--- Required action ---
Exact reproduction of all the entries is required, without any of their pictures.

[Task input Boundary: Start]

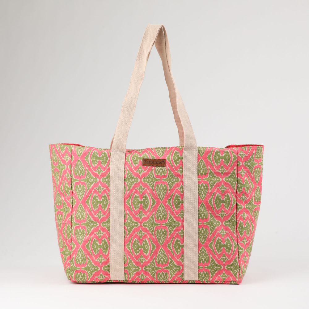 Cartera de hombro tela estampada, rosada con verde. Tiene bolsillos interiores y cierre exterior.
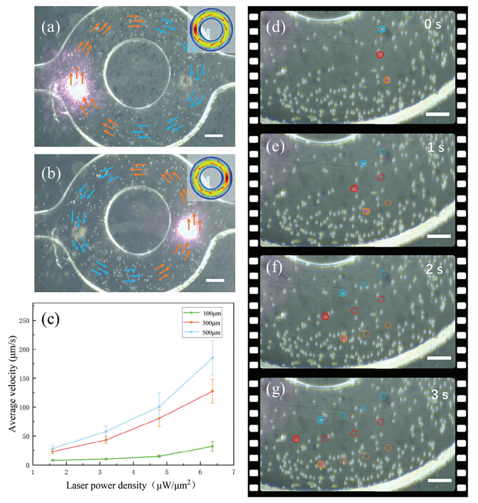 图4.a)左侧为激光照射HPCR期间粒子的运动,右上角为二维液体流动模拟。比例尺:200μm;b)右侧为激光照射HPCR期间粒子的运动,右上角为二维液体流动模拟。比例尺:200μm;c)在不同条件下测量了微通道内颗粒的平均速度,通道深度为100、300和500μm,激光功率密度为1.5915、3.183、4.7745、6.366μW μm-2;d–g)显示了在300μm深度的环形微通道中,用6.366μW μm-2激光功率密度的激光照射微通道中的三个粒子0–3秒的运动图像,实线圈为粒子的当前位置,虚线圈为先前位置。比例尺:100μm。
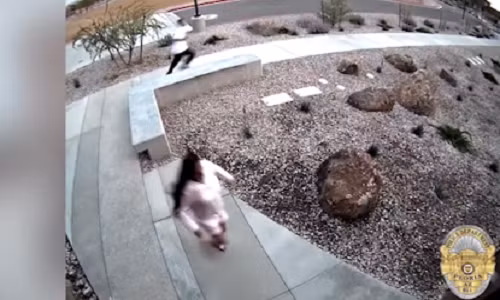 Khi chạy qua đồn cảnh sát Peoria, hai nghi phạm ăn trộm trèo qua cổng để vào sân bên trong. Đoạn video do camera giám sát ghi lại cho thấy Al Ebadi dường như đã phát hiện mình vừa chạy vào đồn cảnh sát và cố gắng thoát ra ngoài.
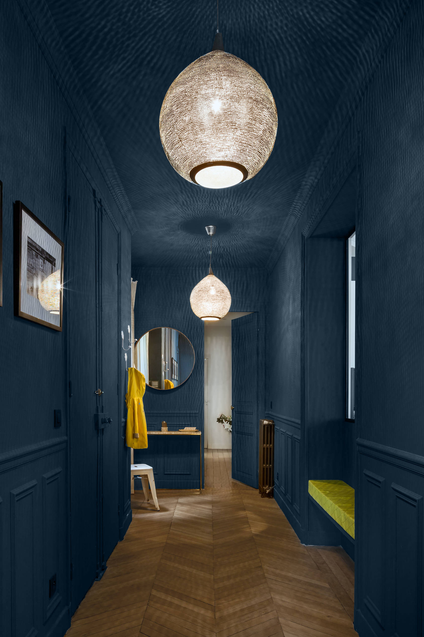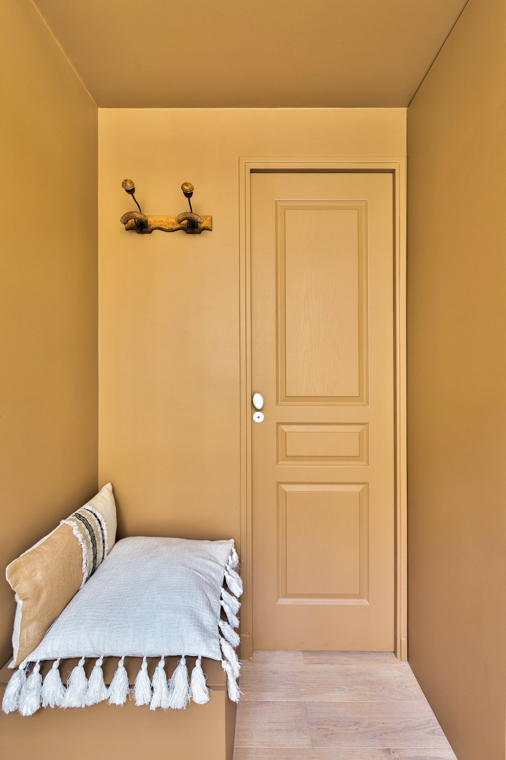 Cette architecte d’intérieur nous offre un exemple concret de son utilisation personnelle de l’uni avec l’entrée de ce petit appartement parisien. Elle l’a égayée d’une unique tonalité forte, le « miel ambré » du coloriste Dulux Valentine, en recouvrant même le plafond.
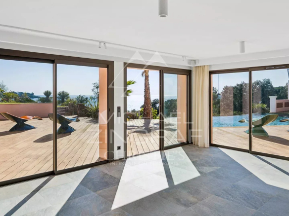 Built on a magnificent landscaped plot of over 4,000 m², the property offers direct access to the sea as well as the possibility of easily mooring with a yacht tender, a true luxury on the French Riviera.
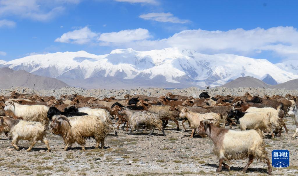 在“冰川之父”慕士塔格峰脚下,新疆塔什库尔干塔吉克自治县塔合曼乡境内的一片天然草场吸引周边乡村的牧羊人在此放牧。进入秋季以来,草场渐渐泛黄,屹立于远处的慕士塔格峰和公格尔九别峰在蓝天白云的映衬下格外壮美,一幅宁静悠远的牧羊图引人入胜。
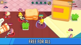 食物大战3D,这款游戏主要是以食物为主题类型的动作冒险游戏,在这款游戏里面你将要面对七个敌人,只有一个人才能逃脱出来,你需要使用五种不同的武器击杀五次敌人才可以赢得比赛,每一个角色都有着不同的特殊能力利用好自己的优势便可以获得更好的排名。
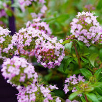Thymus 'Pink Buttons' is a low growing evergreen perennial herb with aromatic foilage & masses of rounded pink flowers in summer. It forms a dense, ground-hugging carpet, making it suitable for low-maintenance areas, cascading over walls, or in containers. It thrives in full sun and well-drained soil, tolerating dry conditions once established
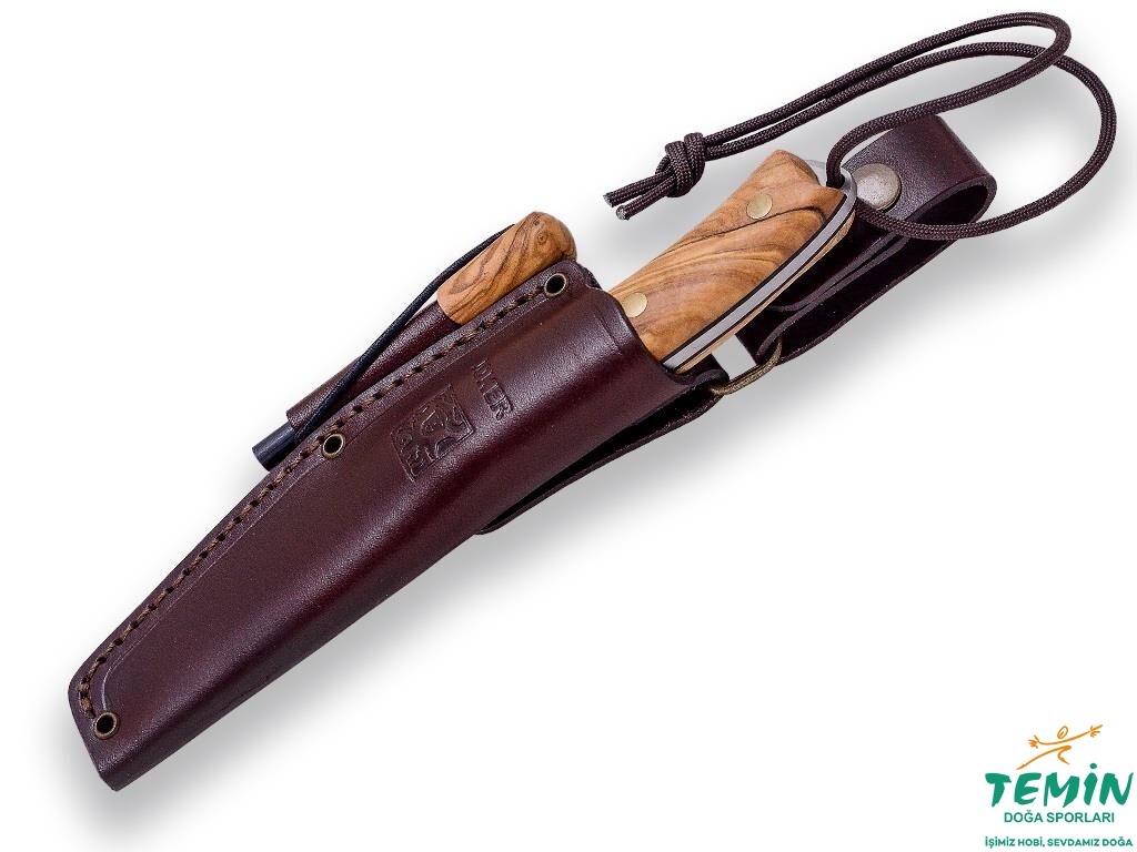 İzlediğiniz üründe, kılıfa takılabilen bir ateş başlatıcı çubuk (ferrocerium rod) ve onu sürtüp kıvılcım çıkartabileceğiniz metal plaka bulunmaktadır. Kordon deliğine sahip ateş başlatıcı çubuğun (PD4) başlığı, bıçağın sap malzemesiyle aynıdır.
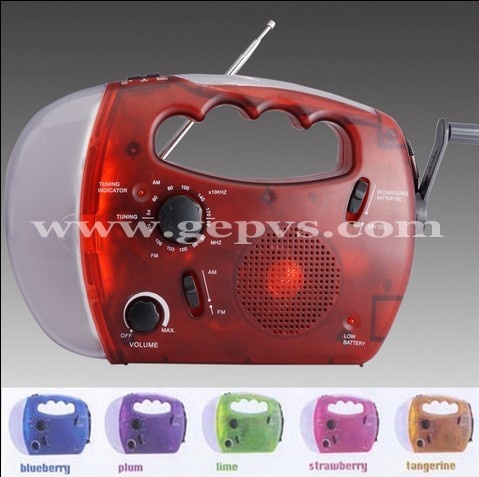 手摇发电,太阳能充电,内置充电电池,并且带有DC插口.有报警器功能,

[Task input Boundary: End]

--- Completed exercise ---
 Cartera de hombro tela estampada, rosada con verde. Tiene bolsillos interiores y cierre exterior.
 图4.a)左侧为激光照射HPCR期间粒子的运动,右上角为二维液体流动模拟。比例尺:200μm;b)右侧为激光照射HPCR期间粒子的运动,右上角为二维液体流动模拟。比例尺:200μm;c)在不同条件下测量了微通道内颗粒的平均速度,通道深度为100、300和500μm,激光功率密度为1.5915、3.183、4.7745、6.366μW μm-2;d–g)显示了在300μm深度的环形微通道中,用6.366μW μm-2激光功率密度的激光照射微通道中的三个粒子0–3秒的运动图像,实线圈为粒子的当前位置,虚线圈为先前位置。比例尺:100μm。
 Khi chạy qua đồn cảnh sát Peoria, hai nghi phạm ăn trộm trèo qua cổng để vào sân bên trong. Đoạn video do camera giám sát ghi lại cho thấy Al Ebadi dường như đã phát hiện mình vừa chạy vào đồn cảnh sát và cố gắng thoát ra ngoài.
 Cette architecte d’intérieur nous offre un exemple concret de son utilisation personnelle de l’uni avec l’entrée de ce petit appartement parisien. Elle l’a égayée d’une unique tonalité forte, le « miel ambré » du coloriste Dulux Valentine, en recouvrant même le plafond.
 Built on a magnificent landscaped plot of over 4,000 m², the property offers direct access to the sea as well as the possibility of easily mooring with a yacht tender, a true luxury on the French Riviera.
 在“冰川之父”慕士塔格峰脚下,新疆塔什库尔干塔吉克自治县塔合曼乡境内的一片天然草场吸引周边乡村的牧羊人在此放牧。进入秋季以来,草场渐渐泛黄,屹立于远处的慕士塔格峰和公格尔九别峰在蓝天白云的映衬下格外壮美,一幅宁静悠远的牧羊图引人入胜。
 食物大战3D,这款游戏主要是以食物为主题类型的动作冒险游戏,在这款游戏里面你将要面对七个敌人,只有一个人才能逃脱出来,你需要使用五种不同的武器击杀五次敌人才可以赢得比赛,每一个角色都有着不同的特殊能力利用好自己的优势便可以获得更好的排名。
Thymus 'Pink Buttons' is a low growing evergreen perennial herb with aromatic foilage & masses of rounded pink flowers in summer. It forms a dense, ground-hugging carpet, making it suitable for low-maintenance areas, cascading over walls, or in containers. It thrives in full sun and well-drained soil, tolerating dry conditions once established
 İzlediğiniz üründe, kılıfa takılabilen bir ateş başlatıcı çubuk (ferrocerium rod) ve onu sürtüp kıvılcım çıkartabileceğiniz metal plaka bulunmaktadır. Kordon deliğine sahip ateş başlatıcı çubuğun (PD4) başlığı, bıçağın sap malzemesiyle aynıdır.
 手摇发电,太阳能充电,内置充电电池,并且带有DC插口.有报警器功能,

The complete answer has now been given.